DATA TO EXAMINE
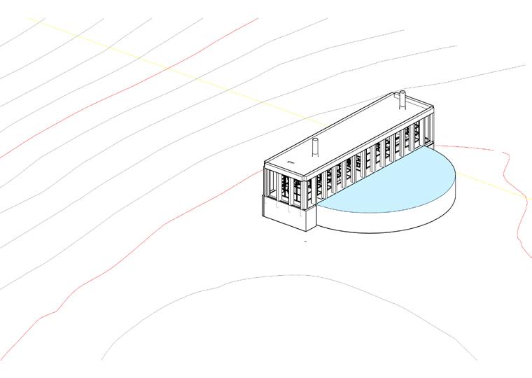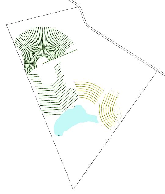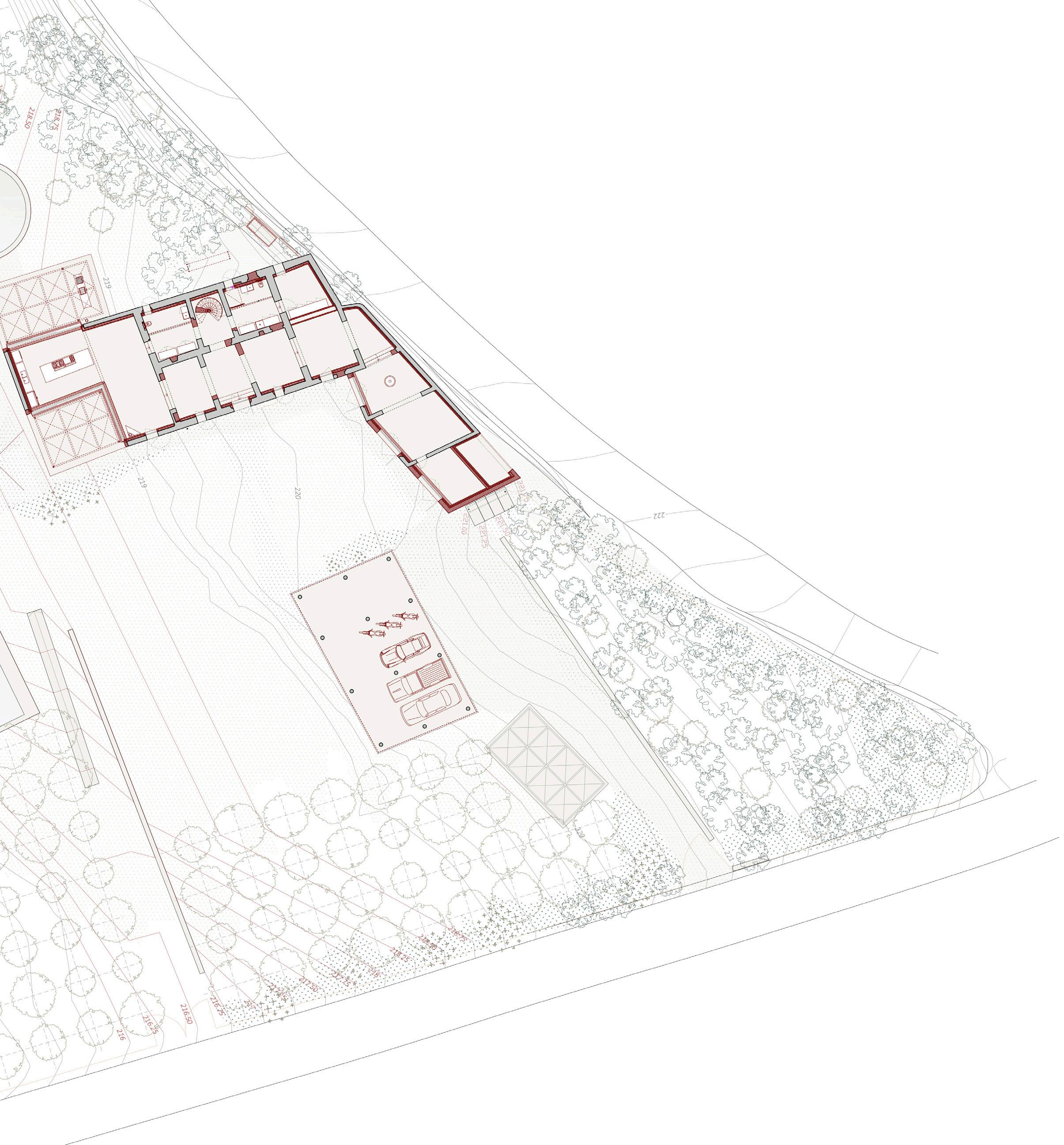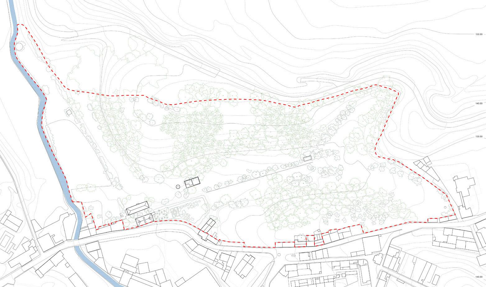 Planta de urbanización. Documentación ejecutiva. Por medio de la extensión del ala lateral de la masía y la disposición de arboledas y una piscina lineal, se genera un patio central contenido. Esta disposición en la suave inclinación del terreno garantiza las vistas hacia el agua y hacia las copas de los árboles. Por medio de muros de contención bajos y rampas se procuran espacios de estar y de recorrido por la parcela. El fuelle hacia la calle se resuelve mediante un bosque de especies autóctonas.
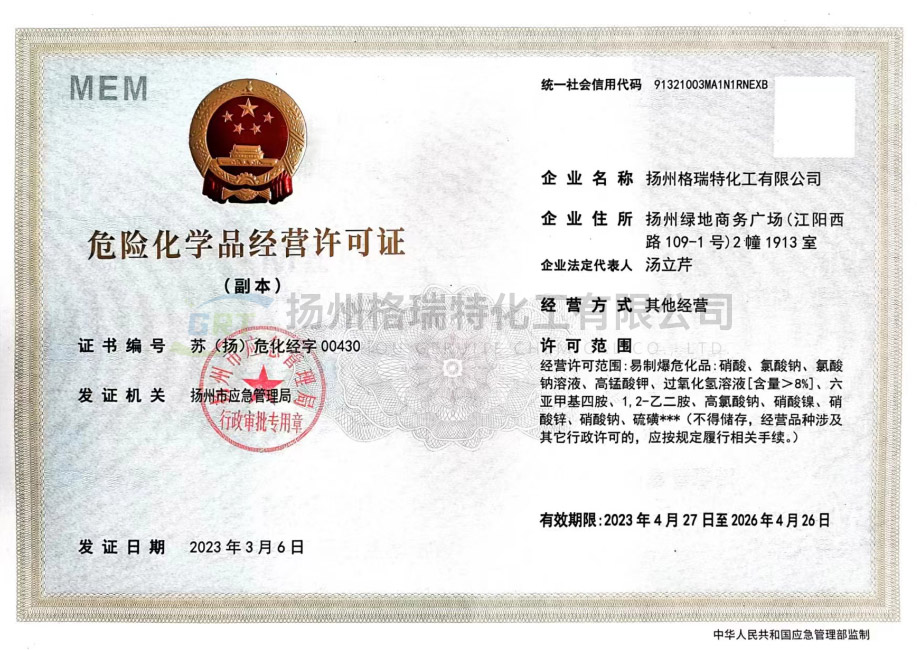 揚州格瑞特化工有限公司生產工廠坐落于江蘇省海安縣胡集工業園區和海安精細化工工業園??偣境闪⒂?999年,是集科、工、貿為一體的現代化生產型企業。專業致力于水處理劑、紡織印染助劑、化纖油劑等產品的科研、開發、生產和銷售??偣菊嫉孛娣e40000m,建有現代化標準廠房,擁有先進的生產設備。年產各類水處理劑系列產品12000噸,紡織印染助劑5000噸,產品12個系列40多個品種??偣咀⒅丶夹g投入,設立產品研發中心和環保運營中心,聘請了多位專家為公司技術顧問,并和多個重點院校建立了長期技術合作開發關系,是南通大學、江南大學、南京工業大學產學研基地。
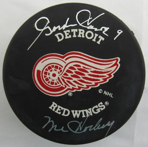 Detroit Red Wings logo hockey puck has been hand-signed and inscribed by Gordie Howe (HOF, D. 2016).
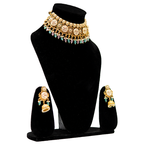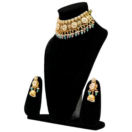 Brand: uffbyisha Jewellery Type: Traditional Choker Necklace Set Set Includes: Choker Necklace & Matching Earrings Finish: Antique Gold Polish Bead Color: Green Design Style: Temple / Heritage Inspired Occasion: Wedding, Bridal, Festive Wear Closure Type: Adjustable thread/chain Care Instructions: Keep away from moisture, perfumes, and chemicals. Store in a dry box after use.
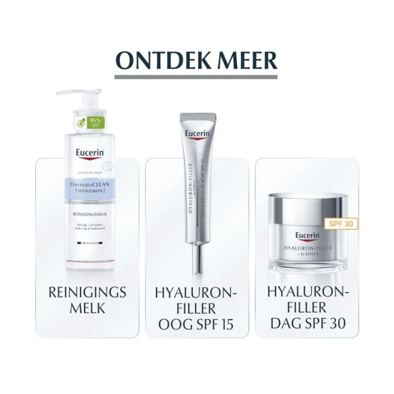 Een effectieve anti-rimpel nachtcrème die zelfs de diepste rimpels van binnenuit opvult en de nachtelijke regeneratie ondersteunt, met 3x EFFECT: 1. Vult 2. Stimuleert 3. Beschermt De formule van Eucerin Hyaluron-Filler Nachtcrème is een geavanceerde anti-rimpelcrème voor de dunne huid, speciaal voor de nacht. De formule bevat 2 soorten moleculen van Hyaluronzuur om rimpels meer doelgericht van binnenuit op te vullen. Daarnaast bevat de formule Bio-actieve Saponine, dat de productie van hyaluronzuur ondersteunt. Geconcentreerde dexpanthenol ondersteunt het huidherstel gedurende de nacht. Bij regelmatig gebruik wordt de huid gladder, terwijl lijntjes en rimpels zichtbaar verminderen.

WORK TO COMPLETE
Whatever pictures the records hold, omit them; give again exactly the lines from the one containing "揚州格瑞特化工有限公司生產工" through the one containing "Brand: uffbyisha Jewellery".

TASK RESPONSE
 揚州格瑞特化工有限公司生產工廠坐落于江蘇省海安縣胡集工業園區和海安精細化工工業園??偣境闪⒂?999年,是集科、工、貿為一體的現代化生產型企業。專業致力于水處理劑、紡織印染助劑、化纖油劑等產品的科研、開發、生產和銷售??偣菊嫉孛娣e40000m,建有現代化標準廠房,擁有先進的生產設備。年產各類水處理劑系列產品12000噸,紡織印染助劑5000噸,產品12個系列40多個品種??偣咀⒅丶夹g投入,設立產品研發中心和環保運營中心,聘請了多位專家為公司技術顧問,并和多個重點院校建立了長期技術合作開發關系,是南通大學、江南大學、南京工業大學產學研基地。
 Detroit Red Wings logo hockey puck has been hand-signed and inscribed by Gordie Howe (HOF, D. 2016).
 Brand: uffbyisha Jewellery Type: Traditional Choker Necklace Set Set Includes: Choker Necklace & Matching Earrings Finish: Antique Gold Polish Bead Color: Green Design Style: Temple / Heritage Inspired Occasion: Wedding, Bridal, Festive Wear Closure Type: Adjustable thread/chain Care Instructions: Keep away from moisture, perfumes, and chemicals. Store in a dry box after use.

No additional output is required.